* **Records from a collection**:
◇ ◇ ◇

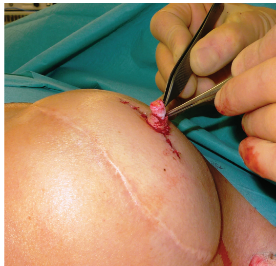
Fig. 7: Graft inserted into tube of C-V flap.

A protective dressing was important and kept in place for 2 weeks. Steristrips were applied to the linear wound. A loose piece of Jelonet with a split was laid over the nipple reconstruction. Two pieces of Lyofoam had a central hole cut into them and were placed
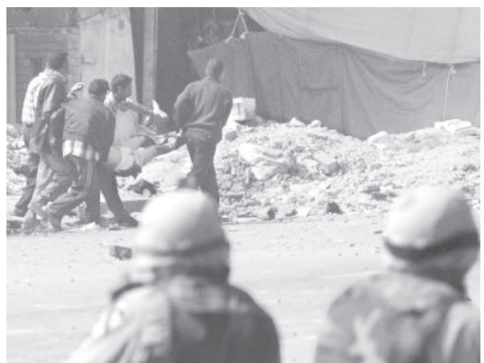
Iraqis carry a victim to a hospital as US soldiers rush to the scene moments after a series of explosions in Khadimiya, Baghdad, Iraq, on Tuesday, 2 March, 2004.
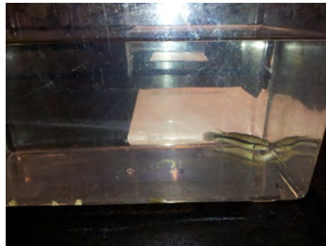
Chuck Pollet's Telmatochromis vittatus
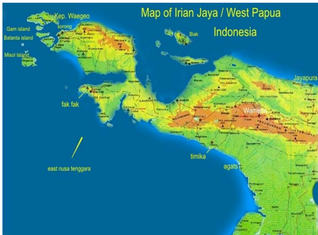
Figure 2: Map of West Papua

(President Sukarno, Jogjakarta, 19 December 1961) 10
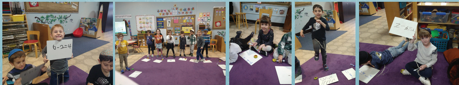
Kindergarten is learning subtraction. In this lesson, the children wrote math sentences on dry erase boards. After figuring out the answer, they had movements to do as many times as the number of the answer!
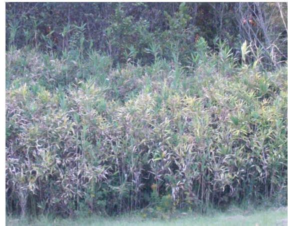
Figure 2. Stand of giant cane ( Arundinaria gigantea ). Photo taken on tribal lands of the Mississippi Band of Choctaw Indians, 2011.

shafts, blowguns (Figure 3) and darts (Figure 4) for hunting squirrels, rabbits, and various birds (Bushnell 1909; Hamel and Chiltoskey 1975; Speck 1941; Kniffen et al. 1987). Young Cherokee boys used giant cane blowguns armed with darts to protect ripening cornfields from scavenging birds and small mammals (Fogelson 2004). The Choctaw used the butt end of a cane, where the outside skin was thick, as a knife to cut meat, or as a weapon (Swanton 1931). Tribes of Louisiana made flutes, duck calls, and whistles out of cane (Kniffen et al. 1987). Cane is best harvested in the fall or winter (October to February) for blow guns and flutes, and plant stems, known as culms, are selected from mature, hardened off plants with larger diameters.
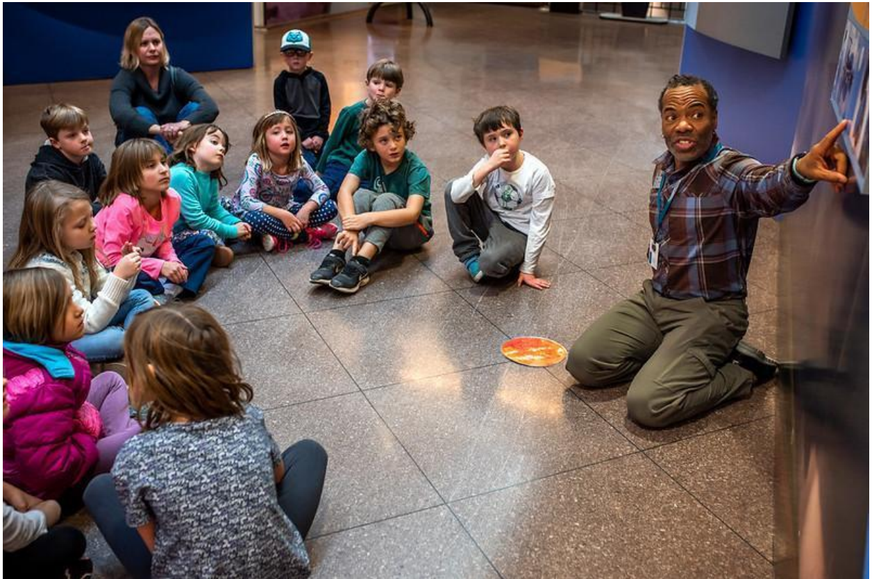
A GUIDE TEACHES STUDENTS ABOUT WEATHER AND THE EARTH SYSTEM

Our guide will take us around the exhibits and have a conversation about what we see. We will learn about weather and the Earth system. We can ask questions and be curious!
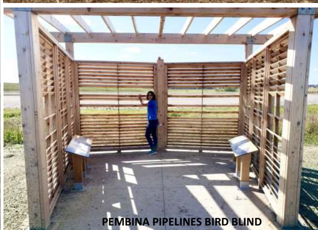
PEMBINA PIPELINES BIRD BLIND
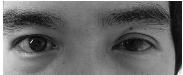
Fig. 2. Partial ptosis and miosis of left eye was presented.

On the third day of admission, his mental status improved. The sedation was weaned, and the patient was extubated. He complained of anhidrosis on the left side of the face. A meticulous physical evaluation was performed, revealing additional signs of ptosis and miosis (Fig. 2). Horner's syndrome after a first rib fracture was diagnosed. The patient was discharged 8 weeks later after orthopedic surgical treatment of the distal tibia and fibula and rehabilitation. The symptoms of Horner's syndrome were
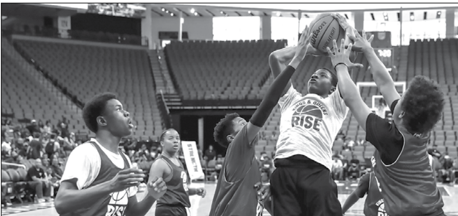
Kings and Queens Rise provides young people opportunities to engage in intercommunity activities, which help prevent and interrupt violence.
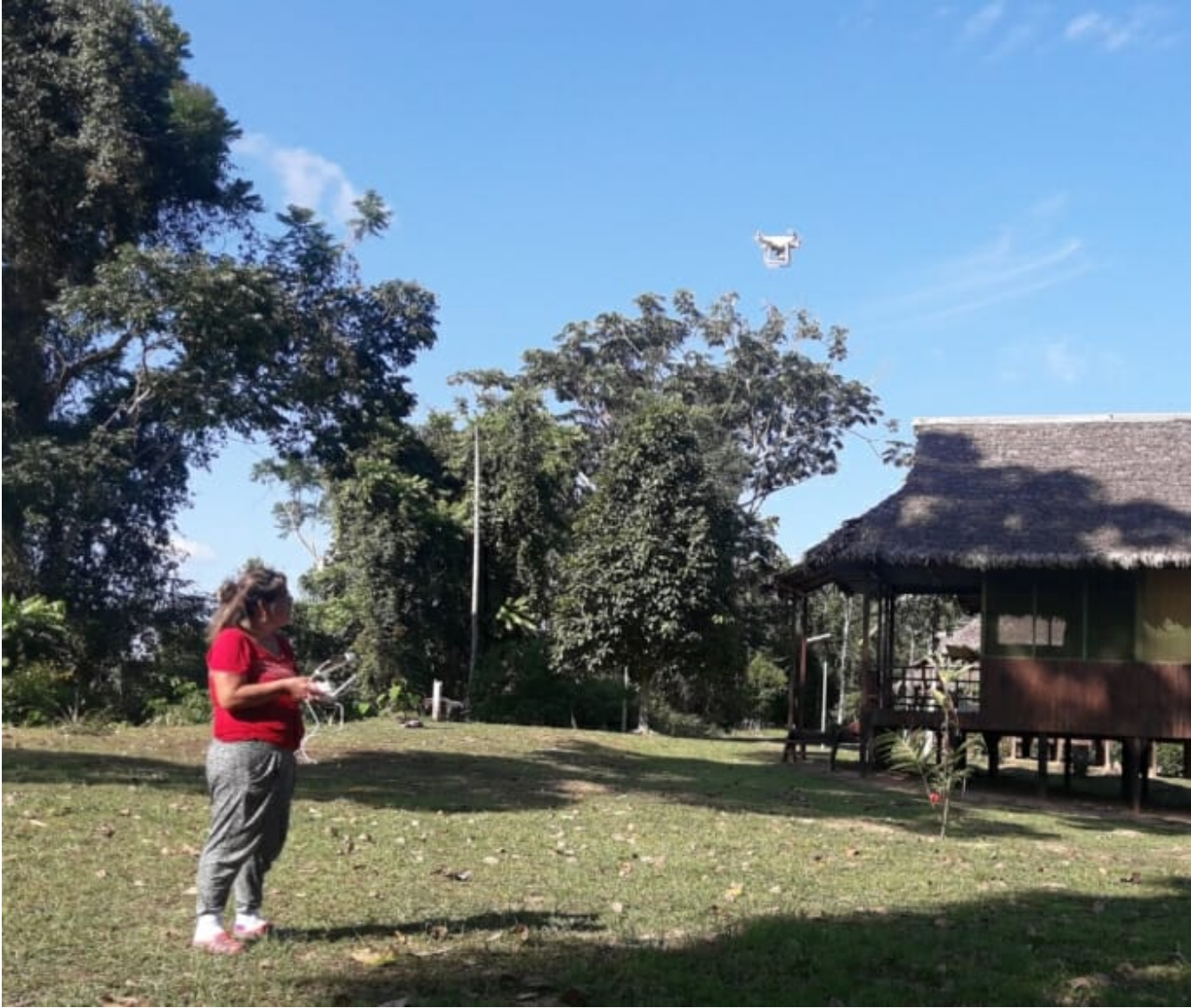
ACOMAT member flying a drone for monitoring.

Amazon Conservation , in collaboration with its Peruvian sister organization, is implementing a project aimed at linking cutting-edge technology (satellites and drones) with legal action , in the southern Peruvian Amazon (Madre de Dios region).
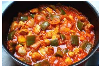
TRADITIONAL TURKISH CHICKEN STEW (WITH RICE AND SALAD)

*MAY NOT APPEAR AS SHOWN BECAUSE ROSE IS MAKING THIS DISH ESPECIALLY FOR US*
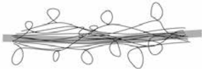
Figure 1: Design process-flow diagram.

design, through an expansion which takes place in more than one direction at a time. These deviations to the official storyline, contribute to a level of ambiguity and uncertainty, which designers must often cope with throughout a project's development. Nevertheless, it is through such side exercises or accidents that meaning is created, essentially informing the design process (see Figures 1 and 2).
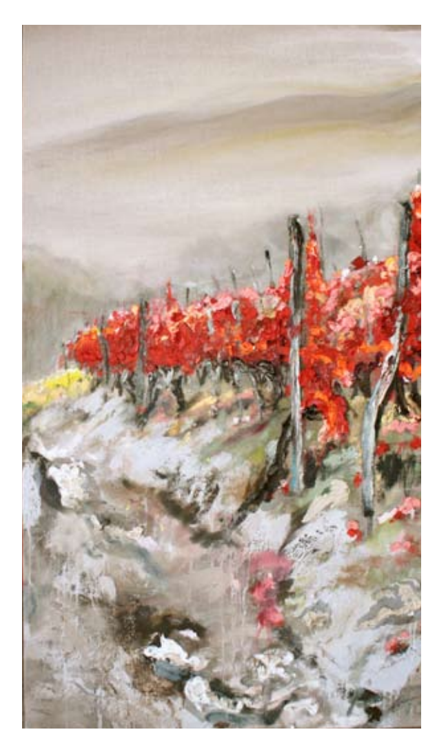
Serralunga d'Alba Rosso | Oil and soil on canvas, 60 x 140 cm, 2007
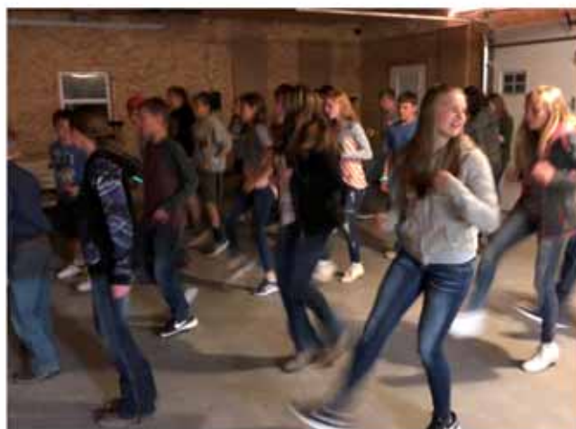
Nearly all 20 kids make their moves on the dance floor at St. Boniface parish hall.
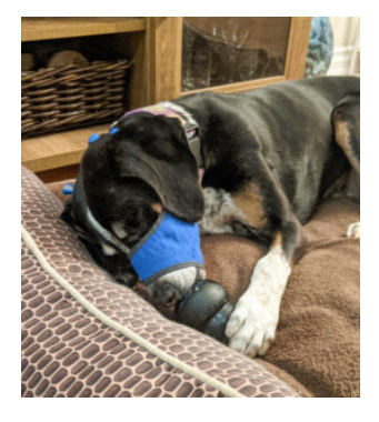
Building time with the muzzle on while licking peanut butter out of a Kong

9) The last step is to simply repeat muzzle application intermittently, maybe just for a few minutes each night, always assessing if it's causing any stress. Ultimately the goal is that they should actually enjoy wearing it or, at the very least, are indifferent to it, no different than their collar.
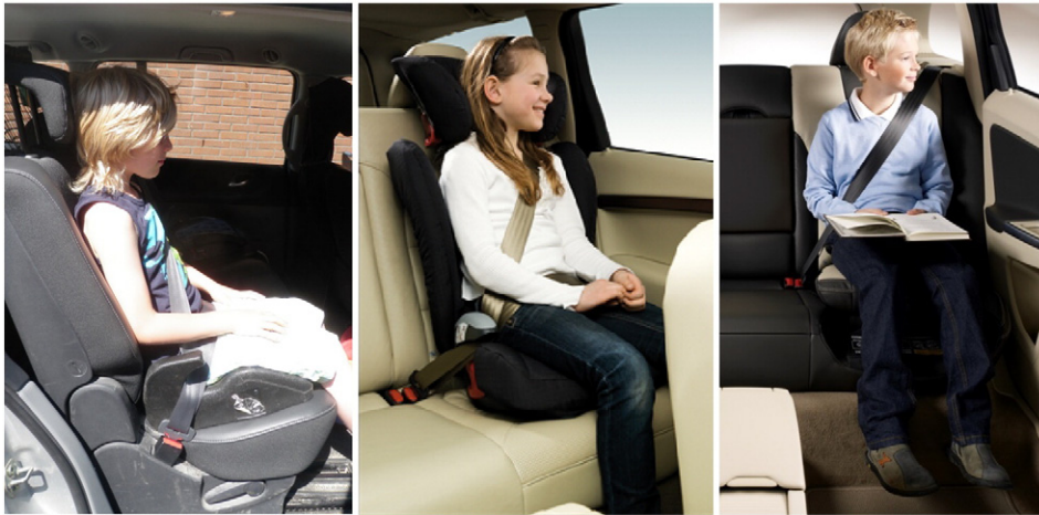
Fig. 5. Illustration of belt fit for children using, from left to right: belt positioning booster cushion, highback booster seat (Copyright Volvo Cars), and integrated booster cushion (Copyright Volvo Cars).

sleeping, larger head side supports increased the likelihood of a more forward seated posture without head and shoulder contact with the booster's back, as compared to smaller or no head side supports [31, 34]. Possible reasons for this behavior were discomfort, looking out
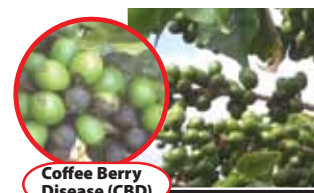
Coffee Berry Disease (CBD)

KEEP LOCKED OUT OF REACH OF CHILDREN (WEKA MBALI NA WATOTO)
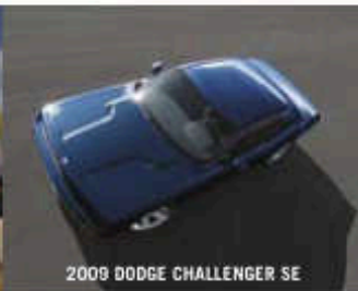
2009 DODGE CHALLENGER SE
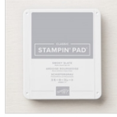
Smoky Slate Classic Stampin' Pad 147113
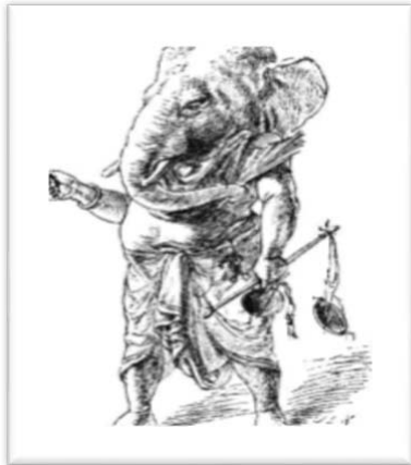
Figure 3 ‘Ganesha: From an ancient Hindu sculpture’ Figure 4 ‘If Ganesha stood’
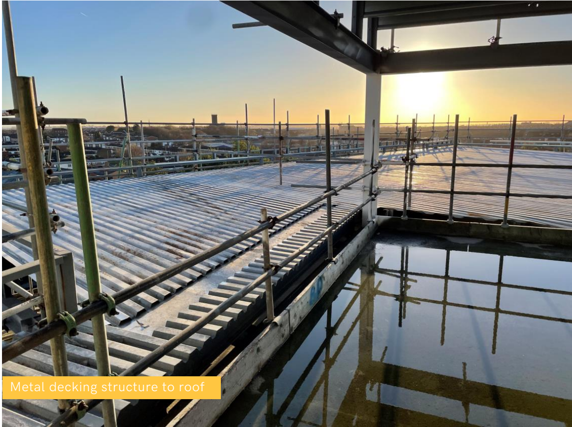
Metal decking structure to roof
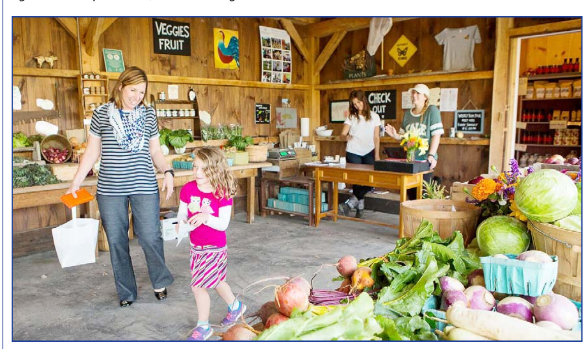
Farmers Market at Willowsford Farms.

This publication introduces the concept of development-supported agriculture , also known as agrihoods. The recent growth of agrihoods in the United States is discussed. The major types of agrihoods are described, and the benefits and challenges of agrihood development are discussed. Case studies of agrihoods are presented, and further agrihood resources are included.
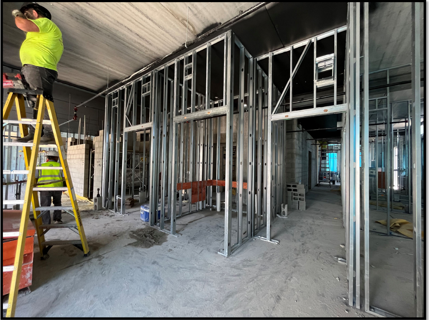
Fire Station 50 – Interior Framing
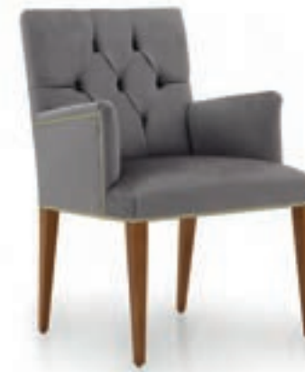
ARIANNA SMALL ARMCHAIR
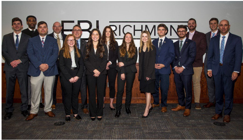
LASI Students at the FBI Richmond Center

forward to continuing our partnership with the FBI colleagues in the future! Read more out the LASI Richmond Visit here .
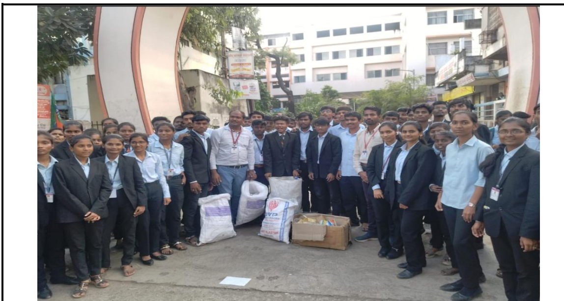
Group Photo of Students actively participated in Plastic Eradication Programme
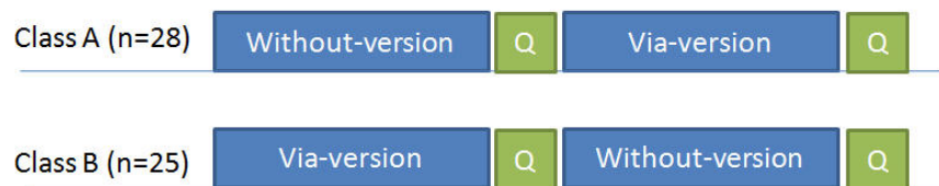
Figure 6. Experimental setting: Two within-subject groups

Since this experiment is a within-subjects design, all students were organized to experience the two system versions. To reduce the bias of treatment order, the within-subject groups were presented the two versions in a different order, as shown in Figure 6. More specifically, in Class A, participants first used the without-version for two sessions and then used the via-version for two sessions. In contrast, in Class B, participants first used the via-version for two sessions and then used the without-version for two sessions. Each session lasted 40 minutes and was held once a week. The procedures employed were as follows: (1) Before the experiment, participants were instructed to use the systems to ensure they know how to use. (2) during the these sessions, the number of participants' attempted tasks were also recorded in the system logs as a supporting evidence for goal-pursuing questionnaire. This is because the number of attempted tasks could be regarded as an indicator of students' goal-pursuing behavior. (3) At the end of each system version, the goal-pursuing questionnaire was administrated to collect students' perceptions.
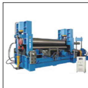
MULTI-FUNCTION 3-ROLLER PLATE BENDING MACHINE
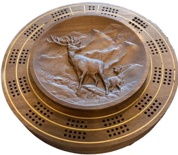
Walnut Cribbage Board by David Brunson using CNC Router
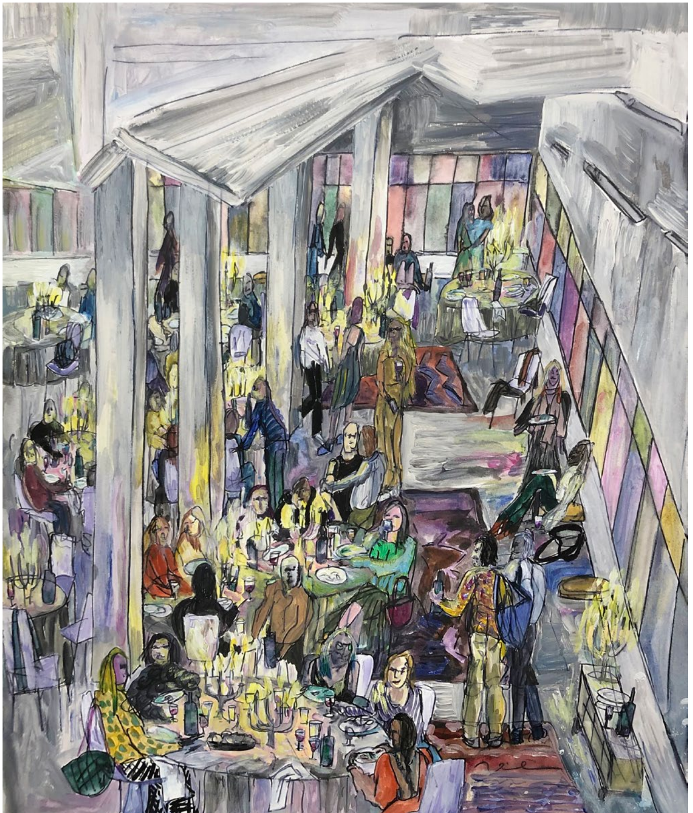
Basel Social Club Menu, 2023 Watercolour on paper, clip frame 42 x 50 cm
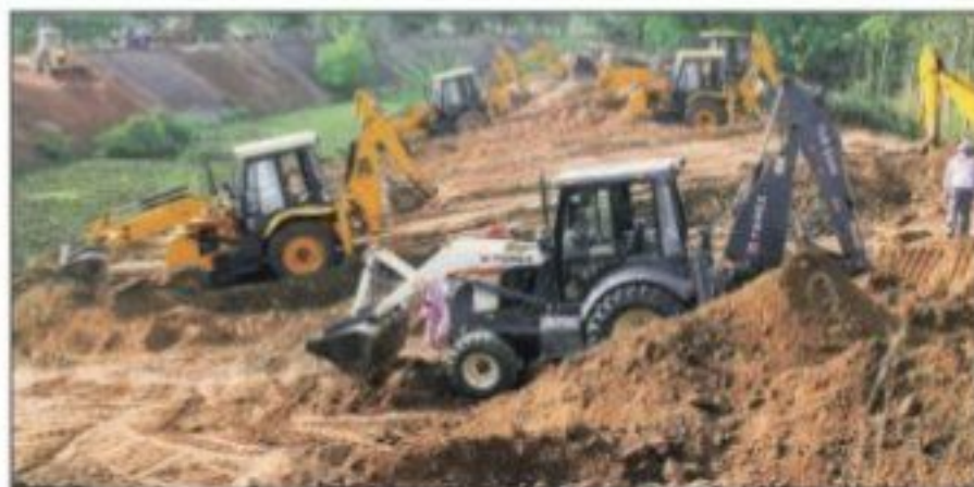
The canal being filled up near Patiala, Wednesday. Hameet Sodhi

At Bhateri village in Fatehgarh, local SAD leaders arrived with JCBs. The earthmovers began filling the canal, uprooting scores of trees in the process. The SAD workers sipped tea and supervised the operations. Impromptu langars came up. Tractor trolleys carried away the felled trees. A youth driving one of the trolleys
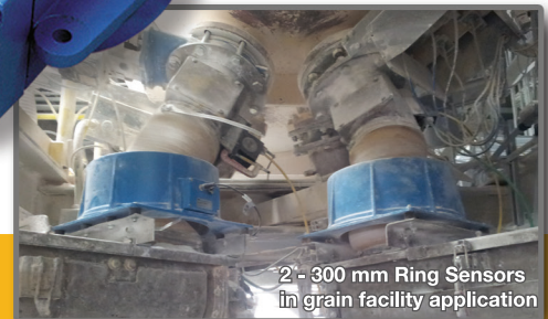
2 - 300 mm Ring Sensors in grain facility application

Various Sizes Various Diameters High Sensitivity Ultra High Sensitivity
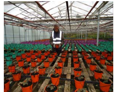
Work Placement in Azure Nurseries

Anyone interested in the programme or wanting more information should contact Toni or Elsa at Azure on 01670 717106 .
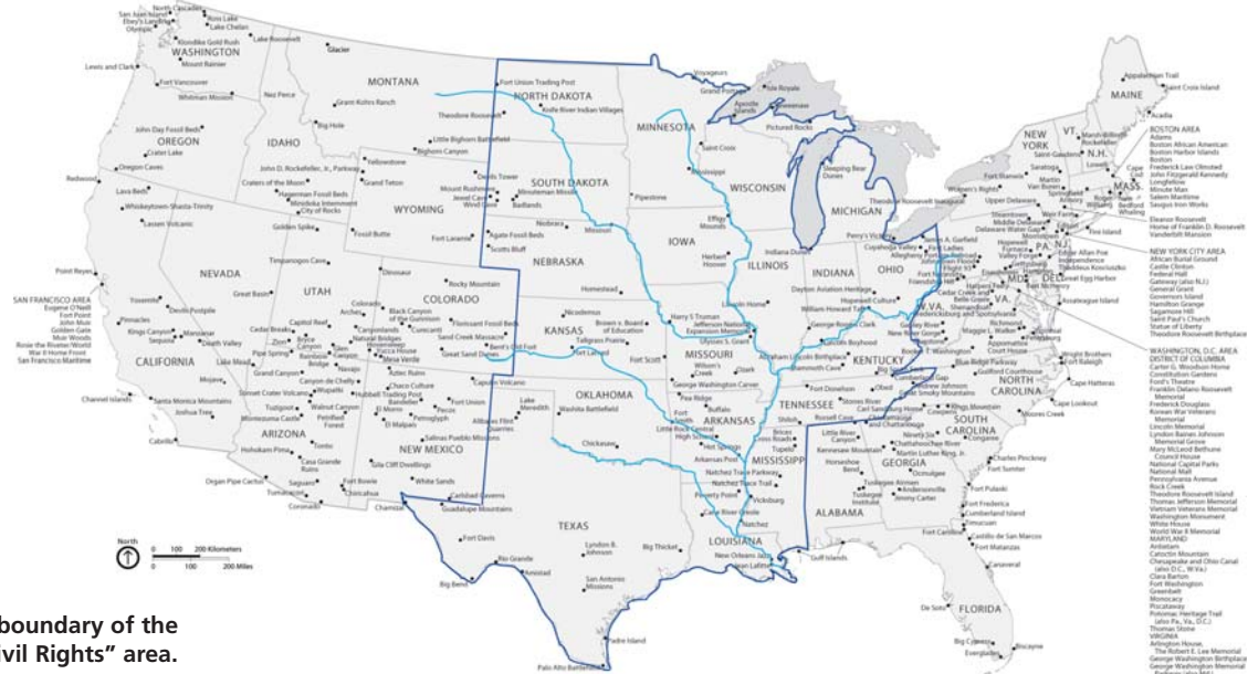
Map showing boundary of the "Civil War to Civil Rights" area.
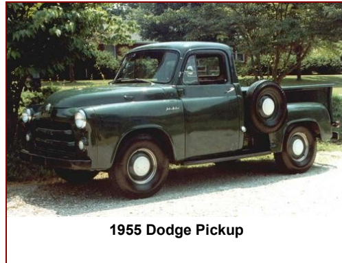
1955 Dodge Pickup

The movie "When I Find The Ocean" opened August 10 in Montgomery, Alabama. The film was produced by Cypress Moon Productions from Sheffield, Alabama, where the initial premier was held in 2006.

◇ ◇ ◇

* **Task statement**:
Pick each line holding the word "their" out of the data and copy it.

* **Result of this task**:
Nearly all 20 kids make their moves on the dance floor at St. Boniface parish hall.
9) The last step is to simply repeat muzzle application intermittently, maybe just for a few minutes each night, always assessing if it's causing any stress. Ultimately the goal is that they should actually enjoy wearing it or, at the very least, are indifferent to it, no different than their collar.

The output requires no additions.